# Here.....We...GO!!!



## Stevethedream (Sep 16, 2014)

Oh yea IT'S TIME AGAIN! I've been cruising for the last five months on 125 mg of Test and now it's time to BLAST! My next cycle involves trenny Tren Tren again because....well because it's just AWESOME! I had very good success running some Tren A at 300 mg a week with no problems. I never really experienced the Tren cough(couple times very minor) or the bad night sweats, but definitely noticed the increase in aggression which wasn't a bad thing because I used it at the gym. One of the greatest things about Tren was the recomp! I never experienced anything like that b4 in my life. It was actually pretty amazing to tell u the truth. The last time I used it was during a cutting cycle and now I'm using it for a LEAN BULK cycle....Well at least I'm gonna try??? I'm looking to put on anywhere between 5-7 lbs of muscle on a 16 week cycle. So here is the fun part.........Cycle consists of.....
Week 1-6  Drol 50 mg ed 
Week 1-16 Test E 750 mg wk 
Week 1-12 Tren E 600 mg wk 
 Aromasin 12.5 ed and also caber on hand (just in case)

Nutrition
Meal 1 - 3 whole eggs 5 egg whites 1.5 cups of oatmeal banana blueberries
Meal 2 - 8 oz ground sirloin 1 cup brown rice 1 cup broccoli
Meal 3 - 8 oz chicken breast 1 cup brown rice 1 cup broccoli
Meal 4 - 8 oz ground sirloin 1 cup brown rice 
Meal 5 - Post work out shake 50 g whey 60 g dextrose
Meal 6 - Whatever the wife cooks Lol


Of course I will alter either the test or Tren to see which one I may need more or less of. All depends how I'm feeling once I get started and from there can make any adjustments if needed. I'll be training five days a week with Wednesday and Sunday's being my off days and hopefully getting at least 7-8 hrs a sleep a night.....YEA F**KING RIGHT! I WISH! Damn Tren and it's insomnia. Alright brothers so here we go on this meat head adventure together so stay tuned and enjoy the F**KING RIDE!...I  ♡ TREN!


----------



## ECKSRATED (Sep 16, 2014)

Looks fun man. We need to see what u look like in your birthday suit every week during the cycle.


----------



## Bro Bundy (Sep 16, 2014)

great cycle! drol goes great with tren


----------



## HollyWoodCole (Sep 16, 2014)

Did PB hack Eck's account?  

Usually he's the only one wanting male noodz.


----------



## Stevethedream (Sep 16, 2014)

Forgot my current stats guys
5'9
215 lbs
Bf 14-16?????
One rep max I never ever do so I can't really say..BUT.....Little example of certain lifts..
CHEST
Bench press - 275x10
Incline bench - 225x12
Db press - 120x10

BACK
Deads - 405x10
Barbell rows - 275x10
T - Bar rows - 6 platesx 8-10 reps 

Legs
Squat - 315x12-15
Leg press - 18 plates 

Military press - 225x6-8
Db shoulder press - 100x7-8

YEA BUDDY!!! LIGHTS WEIGHT!


----------



## Stevethedream (Sep 16, 2014)

ECKSRATED said:


> Looks fun man. We need to see what u look like in your birthday suit every week during the cycle.

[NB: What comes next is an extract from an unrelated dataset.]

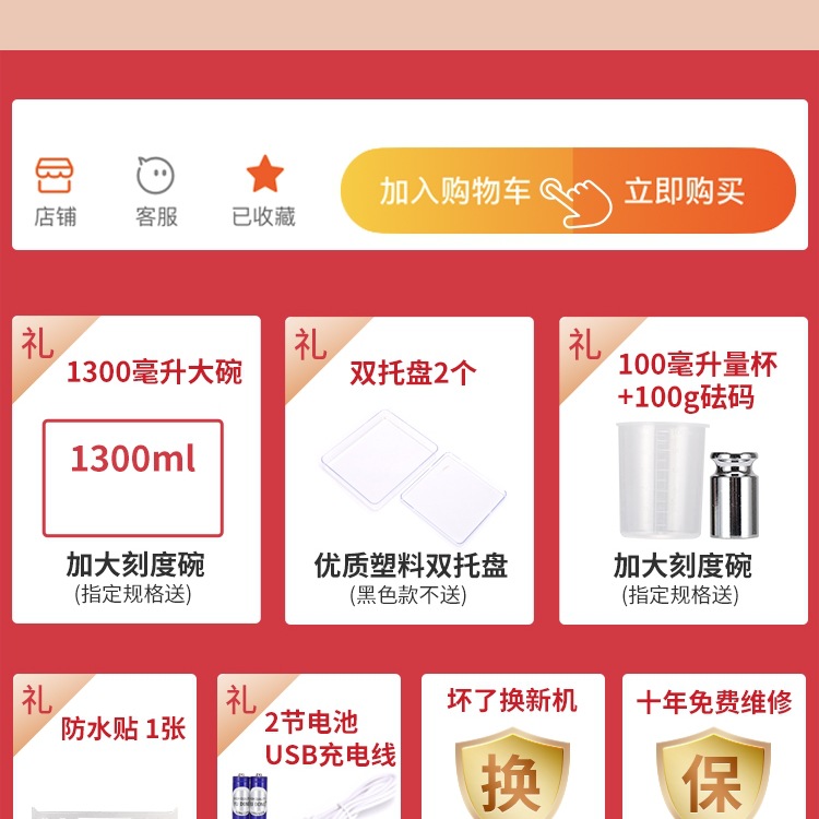 - Перезаряжаемая модель весом 3 кг/0,1 поставляется с семью замечательными подарками, включая двойные подносы + гири + чашки для весов.

Funny u say that Ecks because my b day is this Wednesday!!! So u may get what u asked for........We'll see!!!...P.s. Only if POB takes the picture in person


----------



## ECKSRATED (Sep 16, 2014)

Your a strong little fukker man. Those are some very solid numbers. Alright enough compliments, back to pob taking pictures of u naked.


----------



## Stevethedream (Sep 16, 2014)

WTF!!! These drol pumps are insane!!! At work today and it feels like my whole lower back is super tight and pulsating! Only been running it for a week now and experiencing the pumps for the first time.


----------



## ccpro (Sep 18, 2014)

Good stats bro, strong!!!


----------



## Stevethedream (Oct 4, 2014)

So far so good! Strength has definitely increased big time! Today I did Deads for 405x12 and than 495x4. The other day on chest incline I hit 225x15 and followed with bench press 225x25! After I hit 275x10 and 315x4. Only problem I'm running into is the back pumps on leg day!!!! I can only go up to 315x12 b4 I start really really tightening up to the point where I have to take a 10-15 min break in between sets. The pumps last throughout my whole workout and really limit me to doin more weight and sets. I did start taking 2 grams of taurine a day for the last 3 days and hopefully it will work. Besides that the trensomnia is horrible of course. No night sweats whatsoever and only on one occasion I had Tren cough. Haven't weigh myself yet but definitely can tell a difference in just 3.5 weeks. I can't wait until the recomp starts happening! I ♡ TREN!


----------



## ECKSRATED (Oct 4, 2014)

I wish I was as sexy as stevethedream. 

Sven u don't get any back pumps from deads? Deads are the worst for me If I don't warm up and roll some shit out.


----------



## Stevethedream (Oct 4, 2014)

ECKSRATED said:


> I wish I was as sexy as stevethedream.
> 
> Sven u don't get any back pumps from deads? Deads are the worst for me If I don't warm up and roll some shit out.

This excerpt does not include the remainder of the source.